5 Reasons to Visit Lindsborg KS
I’m not the only one to be charmed by the small town of Lindsborg and its creative, smart, and warm residents. In fact, nearly everyone I spoke to had an interesting story about how they came to Lindsborg. Maybe it was to be closer to family. Sometimes it was for the educational and creative opportunities to be found in Lindsborg. Others discovered it when just passing through and found themselves coming back again and again, until eventually they made it their home.
And while they may have organized a community picnic for me to meet some residents, and announced my visit on Facebook, I have a feeling that all visitors get just as warm of a welcome. In fact, I know that when tour groups come through, someone usually greets them in full Swedish dress to show them around.
But let me tell you about some other reasons to visit Lindsborg, Kansas.
Lindsborg loves a good party. Long ago, when Swedish immigrants were struggling to survive in this harsh frontier of mud dug outs and farm life, leaders recognized that the arts will bring people together, give them something to look forward to, and create a little joy in their otherwise bleak fight for survival. Today, the town celebrates many festivals and some draw visitors from around the globe, even Swedish royalty! A few to plan a trip around include:
- Messiah Festival of the Arts – before many residents of Lindsborg even spoke fluent English, they have been performing Handel’s Messiah each year. The festival, which now takes place around Easter, is a combination of musical, arts, and theater events. This all culminates with a community performance of the Messiah.
- Midsummer’s Festival – taking place in late June, this festival marks the beginning of summer and is one of the most popular Swedish celebrations. In Lindsborg, this includes celebrating with Swedish food, music, dancing, art, games and the raising of the Midsommarstång (Midsummer Pole.)
- Svensk Hyllningsfest – this party is so big that it only takes place every two years (on odd-numbered years only.) Svensk Hyllningsfest honors the Swedish immigrants who first settled in the Smoky Valley in 1869. Started in 1941, the festival features art, crafts, special foods, ethnic music, a parade, and, of course, a smörgåsbord and special entertainment. Timed to coincide with local Bethany College homecoming, it is also where you can see Lindsborg’s world-renowned youth Swedish dance troupe.
- Christmas in Lindsborg – As you might expect, Christmas is a big deal in Lindsborg. There is the old-fashioned prairie Christmas at the old mill with concerts, crafts, visits from Santa, and a retelling of the Christmas story.
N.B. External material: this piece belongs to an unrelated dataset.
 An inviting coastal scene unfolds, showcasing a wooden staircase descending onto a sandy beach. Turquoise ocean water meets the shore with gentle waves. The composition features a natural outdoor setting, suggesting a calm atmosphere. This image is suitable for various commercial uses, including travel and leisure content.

There is also the St. Lucia Festival, a favorite Swedish holiday tradition that celebrates the legend of Lucia, who saved the people of Sweden from starvation. In Lindsborg, a processional of girls in white carrying candles and stjäarngosse (star boys) walk to the Bethany Lutheran Church where the annual St. Lucia is crowned.
Wild Dala Horses
If you remember Chicago’s Parade of Cows, which toured their way around various cities, then you will appreciate the herd of Wild Dala Horses that dot the landscape of Lindsborg. These 30+ public art sculptures are modeled after the shape of the traditional Swedish Dala horse. Various businesses and groups have sponsored horses which are custom painted in creative ways to represent various businesses around town.
Visitors can go on a scavenger hunt to try to find all of the Wild Dala horses by picking up a map and guide at the Lindsborg Convention and Visitors Bureau at 104 E. Lincoln St. or at the Certified Travel Information Center at 118 N. Main Street.
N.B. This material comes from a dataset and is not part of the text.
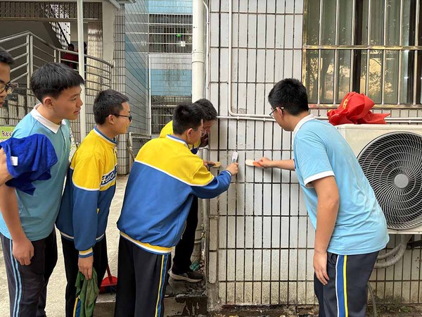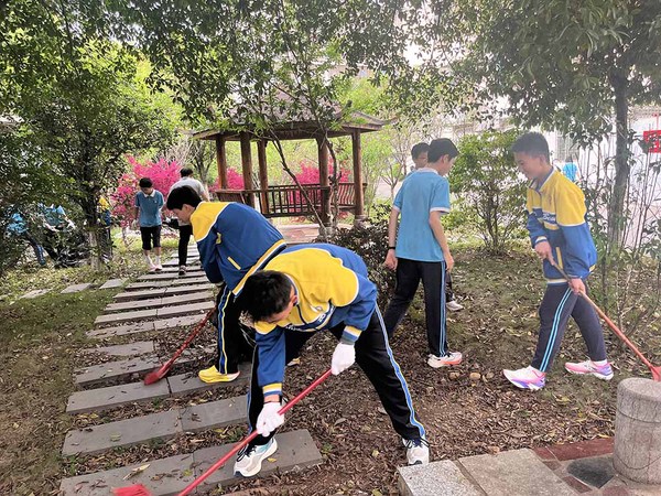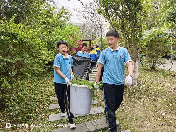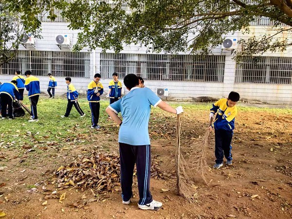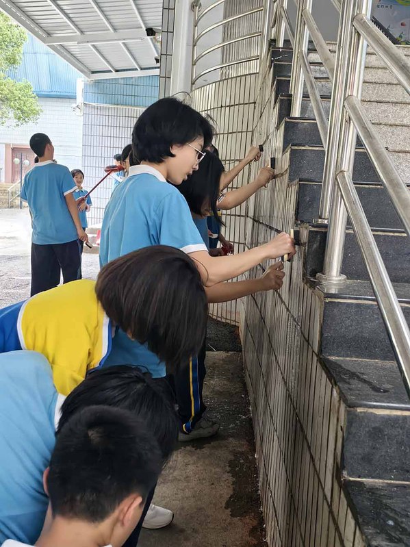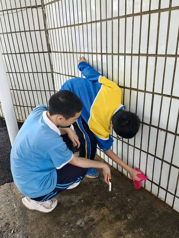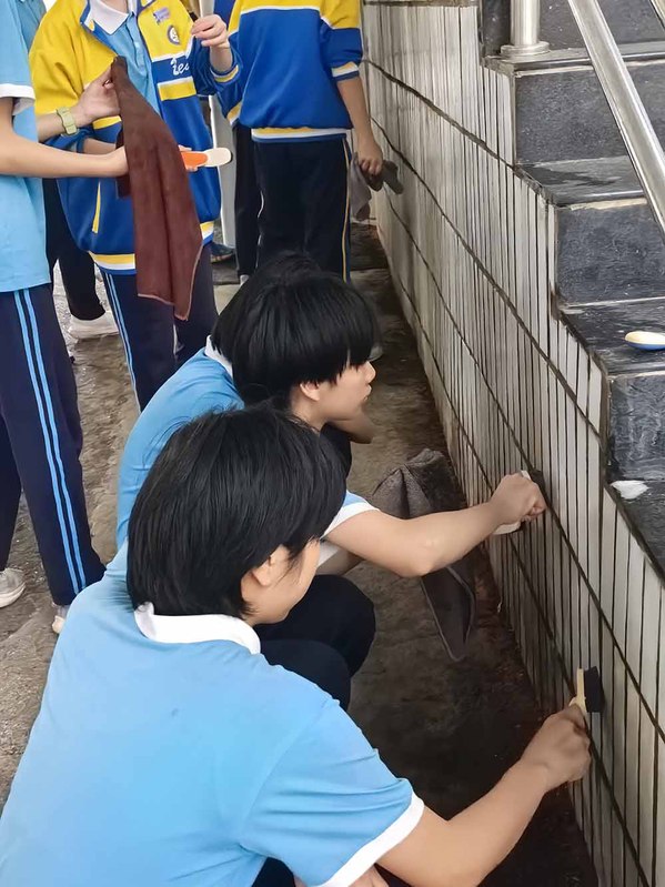 随着活动正式开启,党员教师以身作则,带领学生迅速奔赴劳动岗位。学生们被合理分配到校园的各个角落,大家分工明确,配合默契。有的同学专注于拔除校园草丛中的杂草,清扫堆积的落叶,为校园的绿植 “解绑减负”;有的同学则手持刷子,认真擦洗教学楼外的瓷砖,让建筑外墙重焕光彩。在党员教师的悉心指导下,学生们不怕脏、不怕累,仔细清理每一处卫生死角,以实际行动践行雷锋精神。

Of course if you enjoy the Wild Dala horses, then you must stop into Hemslöjd, a Dala horse factory and Swedish gift shop on Main Street. In addition to shopping for Scandinavian gifts, you may also get to step into the back workroom and meet local artist Shirley Malm, who has perfected the art of custom painting Dala horses. Hemslöjd manufacturers two-legged, custom-painted Dala horses. You can also purchase the four legged variety that have been imported from Sweden (just be prepared to pay handsomely!)
Creative Arts Community
I certainly did not expect to meet a community of artists and creatives in the middle of Kansas, but that is exactly what I found in Lindsborg. It is no secret locally that Bethany College and Lindsborg’s history in the arts attracts creative artists. But for the rest of us, it was a big surprise. After all, I live near Providence, Rhode Island’s “Creative Capital” and home to Rhode Island School of Design. I know that is a city that attracts artists, but Lindsborg, Kansas? Well, now you know too.
During my short time in town I met a National Geographic photographer, an award-winning broom maker (yep, that’s a thing) running a brand new program at Bethany College, and numerous artists who work in all sorts of media. I toured the impressive Birger Sandzén Memorial Gallery on the Bethany College campus. Notable not just for the work of Kansas artist Birger Sandzén, who I am happy to have no discovered, but also its temporary exhibitions.
I also visited The Red Barn Studio, which was the working studio for artist and craftsman Lester Raymer. The Studio is filled with his works from painting to prints to ceramics and metalwork. He was particularly interested in circus themes and antique toys so some of his work was a little creepy, but certainly interesting. Today, the studio also offers an artist-in-resident program, welcoming an ever-changing cadre of visual artists and craftsmen, musicians, writers, and performers.
When in Lindsborg, I had the pleasure of lunching with Jim and Kathy Richardson, owners of the Small World Gallery on Main Street. Jim is an accomplished National Geographic photographer and many of his prints line the walls of the gallery, along with Kathy’s jewelry, a sweet collection of children’s books, and other pieces of art.
This creative community also encourages locals and children to experience the arts through local “Maker Nights” offering hands-on art activities focused on a different theme each month.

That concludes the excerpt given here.